At the time that this trial was recruiting, evidence for the use of pelvic MRI to accurately assess stage of rectal cancer was insufficient. (The results of the multicentre MERCURY study42,43 were published after the trial closed to recruitment.) Pelvic MRI and CT scans were used in the preoperative staging in 556 (41%) and 812 (60%) of the patients in this trial, respectively, and examination under anaesthetic in 548 (41%). These factors suggest that there is scope for future studies that incorporate MRI staging and compare preoperative radiotherapy and chemoradiotherapy in a defined population of patients whose margin of excision is not at risk.


In the UK the trial was funded and sponsored by the Medical Research Council, and in Canada by the National Cancer Institute of Canada. The trial was run by the Medical Research Council Clinical Trials Unit. We thank all the patients who participated in this study.

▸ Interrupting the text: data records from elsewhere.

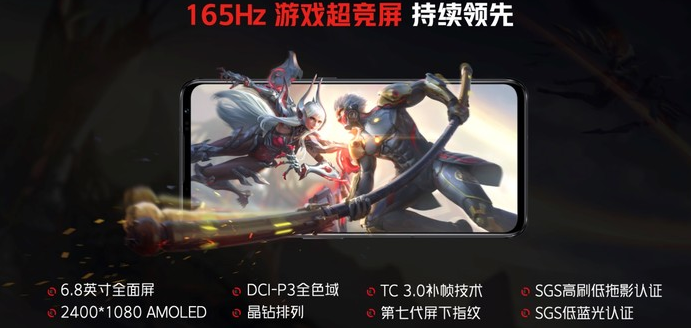 根據紅魔發布信息顯示,該屏幕采用無挖孔設計,前攝位于屏幕上方,保證游戲時畫面無遮擋,同時具有低藍光認證、屏下指紋識別技術。為滿足游戲操作,屏幕的多指觸控采樣率可達720Hz,也屬目前手機中的最高水平。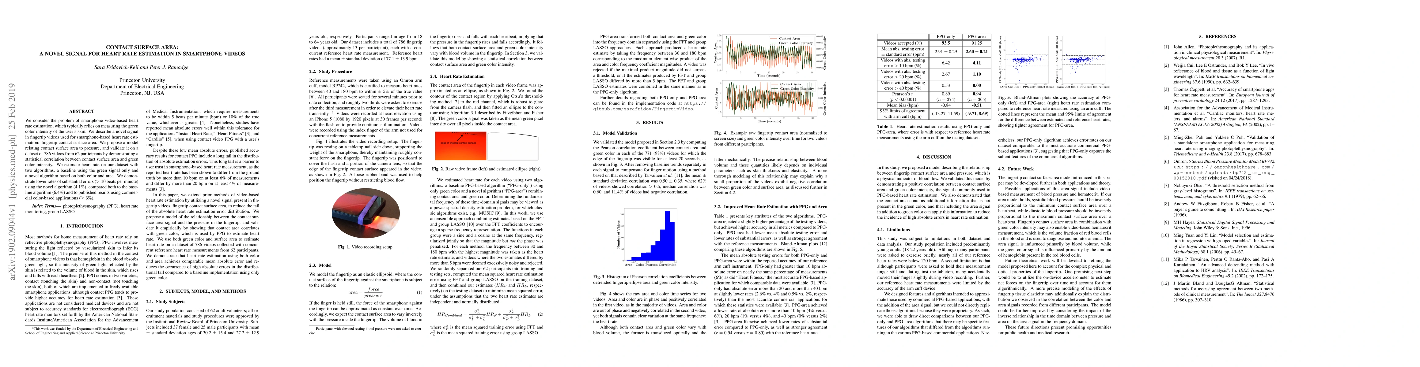 We consider the problem of smartphone video-based heart rate estimation, which typically relies on measuring the green color intensity of the user's skin. We describe a novel signal in fingertip videos used for smartphone-based heart rate estimation: fingertip contact surface area. We propose a model relating contact surface area to pressure, and validate it on a dataset of 786 videos from 62 participants by demonstrating a statistical correlation between contact surface area and green color intensity. We estimate heart rate on our dataset with two algorithms, a baseline using the green signal only and a novel algorithm based on both color and area. We demonstrate lower rates of substantial errors (>10 beats per minute) using the novel algorithm (4.1%), compared both to the baseline algorithm (6.4%) and to published results using commercial color-based applications (>6%).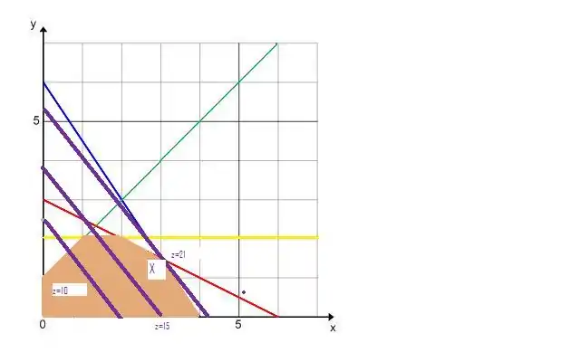 We now will shade the feasible region. To do that consider the constraints one by one. The first one is . To determine the region it represents, choose any point which does not pass through the line say (0,0). Substitute it in the constraint to get . Since this is true we conclude that (0,0) lies in the region represented by . We conclude that all the points on the side of containing (0,0) actually represent . This is suggested by the fact that the line divides the plane in 2 distinct halfs: One of points satisfying the inequality and one of those which don't.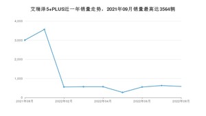2022年8月,艾瑞泽5 PLUS销量为583辆,同比下降80.59%,环比下降7.02%。2021年08月-2022年08月份,艾瑞泽5 PLUS销量为10287辆,同比下降51.03%。
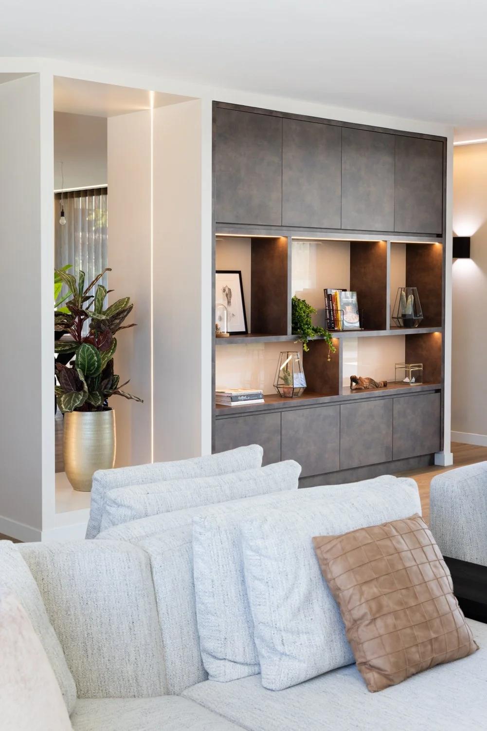 Tijdens de shoot stond het vastleggen van materiaalgebruik, detaillering en de ruimtelijke werking van het interieur centraal. De roomdivider is een echte eyecatcher: functioneel, doordacht en perfect geïntegreerd in de woonruimte. De keuken sluit qua stijl en afwerking naadloos aan, net als het maatwerk tv-meubel.
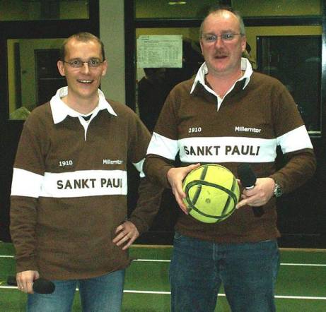 Als Hallensprecher waren wie eh und je das Duo „Detzer“ und „Nelling“ (Heiko Spiering (links im Bild, Ligaobmann SV Todesfelde) und Holger Böhm (rechts, Vorsitzender SV Todesfelde) aktiv und informierten die Zuschauer über die Torschützen und aktuellen Tabellenstände.

All the authors were members of the trial management group, participated in the discussion and interpretation of data, and in writing of the paper. DS-M was the chief investigator, chair of the trial management group, and participated in the design of the trial. RS originally conceived the idea for the trial, participated in its design, and advised on the surgical aspects. JM participated in the design and advised on the surgical aspects of the trial. RG and SK advised on the radiotherapy aspects of the trial. PQ participated in the design and advised on the pathological aspects of the trial. JC and CdM were responsible for the involvement of the National Cancer Institute of Canada. RJS was the lead Clinical Trials Unit investigator for the trial, and participated in the design and data analysis. GG was the project leader for the trial up until 2005. LCT was the trial statistician and was responsible for the data analysis of the trial. MP was the programme leader for colorectal cancer trials in the Medical Research Council Clinical Trials Unit, and participated in the design and data analysis of the trial.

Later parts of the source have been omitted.